• [Directions for this task]
After locating the line that bears "1、首先我们来到图中的幽暗地域的轻语树附近。", restate word for word that line and the rest of the listing to its final line, excluding all pictures.

• [Data extract]
********************

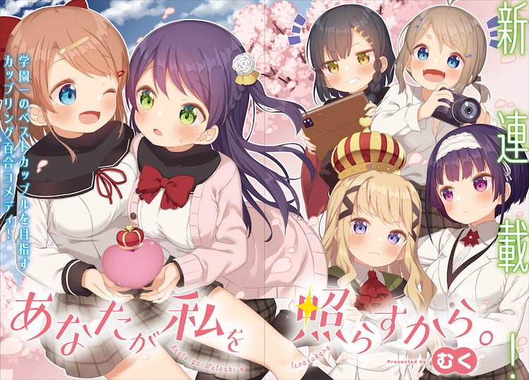 「あなたが私を照らすから。」は、「今日も女の子を攻略した。」のむくによる新作。舞台となる女子校・私立桜葉学園では、毎年“学園一のカップル”を決める行事が催されており、そこで優勝したカップルは生徒会長と副会長に任命され、その後も幸せと成功に満ちた人生を歩むと言われていた。物語はそんな桜葉学園に、運命の人との出会いを夢見る少女・暁恵が入学したことから始まる。
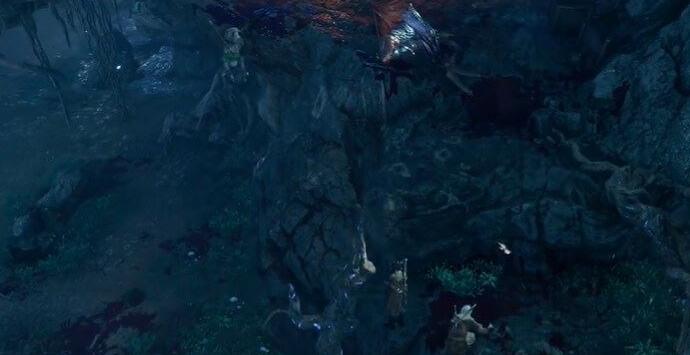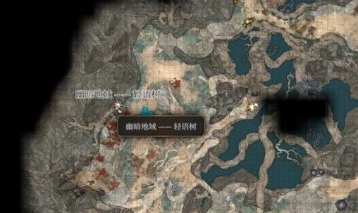 1、首先我们来到图中的幽暗地域的轻语树附近。
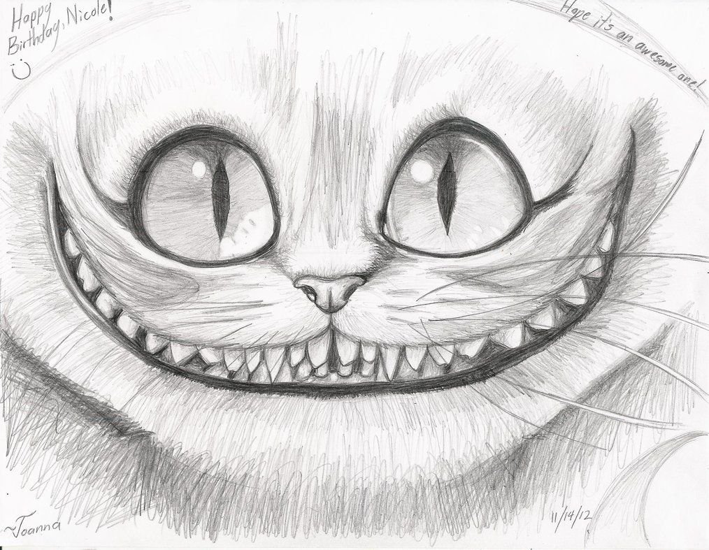 ![Чеширский кот для срисовки]()

********************

• [Response]
 1、首先我们来到图中的幽暗地域的轻语树附近。
 ![Чеширский кот для срисовки]()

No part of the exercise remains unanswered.